#### Task directions:
The whole listing below should be printed again exactly, with no images.

#### Data extract:

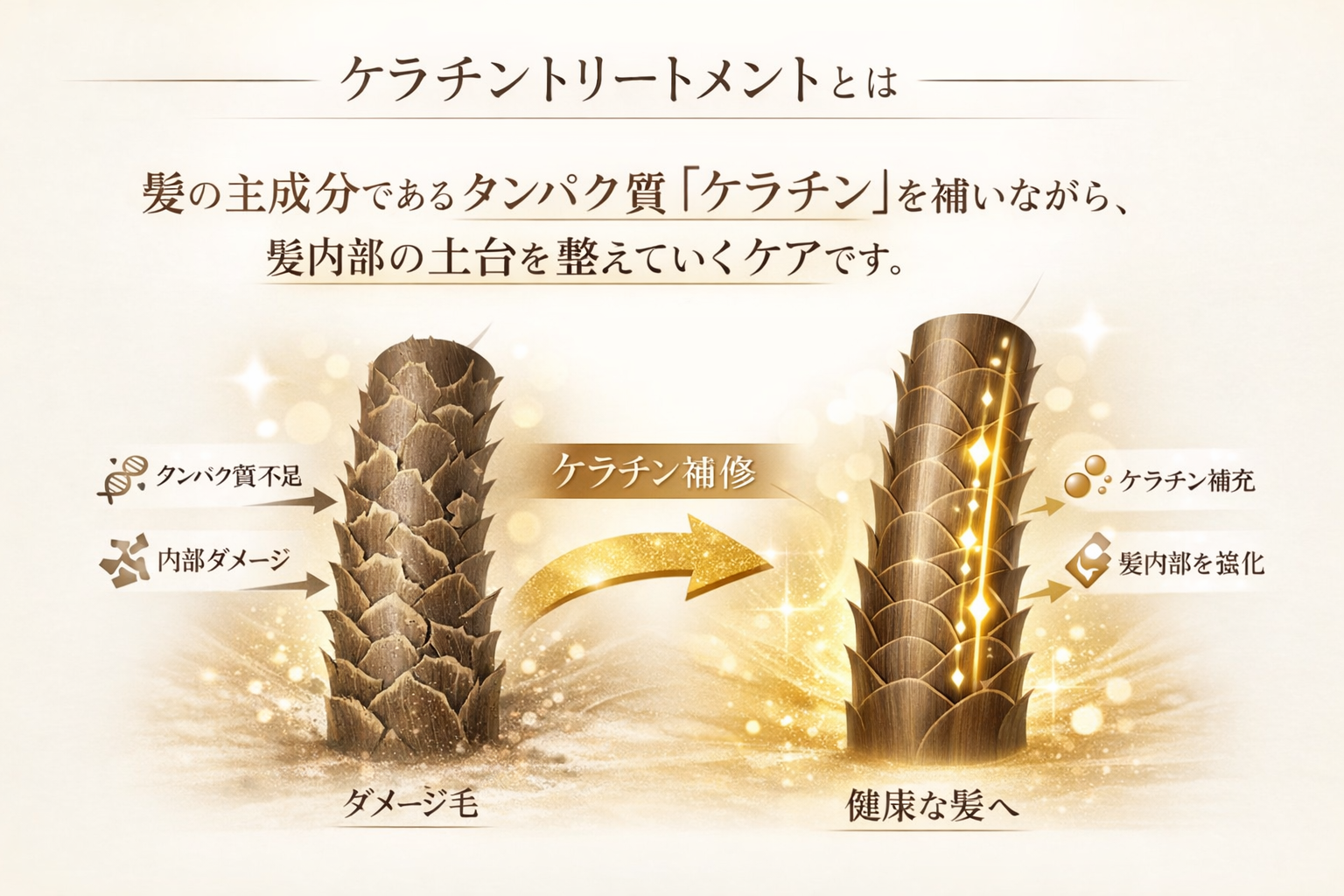 髪内部を補いながら艶とまとまりを底上げするのがケラチントリートメントと考えると分かりやすいです。
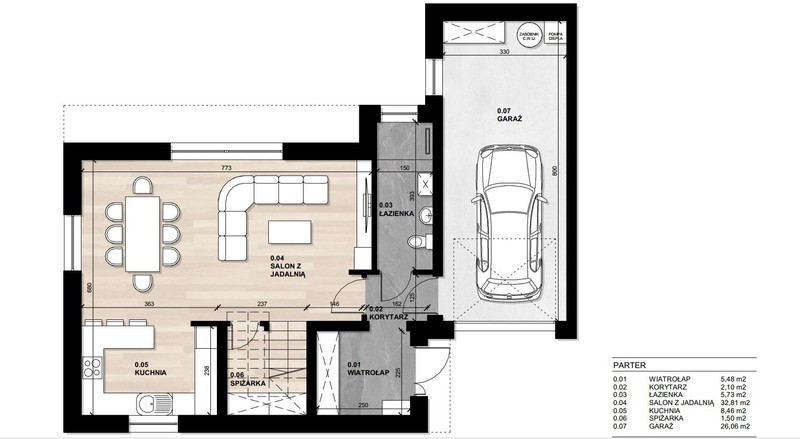 • Garaż z wyjściem na ogród – 26,06 m²
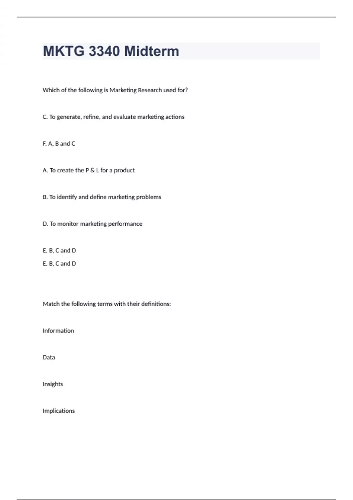 MKTG 3340 Midterm Questions with complete solution 2024Which of the following is Marketing Research used for? C. To generate, refine, and evaluate marketing actions F. A, B and C A. To create the P & L for a product B. To identify and define marketing problems D. To monitor marketing performance E. B, C and D E. B, C and D Match the following terms with their definitions: Information Data
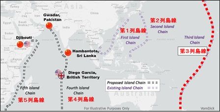 中国共産党指導部や人民解放軍が想定する中国の勢力圏は拡大を続けている。元米海軍士官で戦略研究家であるウィルソン・ヴォーンディック氏は、中国の列島線構想がインド洋の「第4列島線」や「第5列島線」にまで拡大していると分析している(出典:「増えていく列島線と第3列島線について」 海上自衛隊幹部学校 防衛戦略教育研究部 戦略研究室 山下奈々、リンク:https://www.mod.go.jp/msdf/navcol/SSG/topics-column/col-142.html)

#### Worked solution:
 髪内部を補いながら艶とまとまりを底上げするのがケラチントリートメントと考えると分かりやすいです。
 • Garaż z wyjściem na ogród – 26,06 m²
 MKTG 3340 Midterm Questions with complete solution 2024Which of the following is Marketing Research used for? C. To generate, refine, and evaluate marketing actions F. A, B and C A. To create the P & L for a product B. To identify and define marketing problems D. To monitor marketing performance E. B, C and D E. B, C and D Match the following terms with their definitions: Information Data
 中国共産党指導部や人民解放軍が想定する中国の勢力圏は拡大を続けている。元米海軍士官で戦略研究家であるウィルソン・ヴォーンディック氏は、中国の列島線構想がインド洋の「第4列島線」や「第5列島線」にまで拡大していると分析している(出典:「増えていく列島線と第3列島線について」 海上自衛隊幹部学校 防衛戦略教育研究部 戦略研究室 山下奈々、リンク:https://www.mod.go.jp/msdf/navcol/SSG/topics-column/col-142.html)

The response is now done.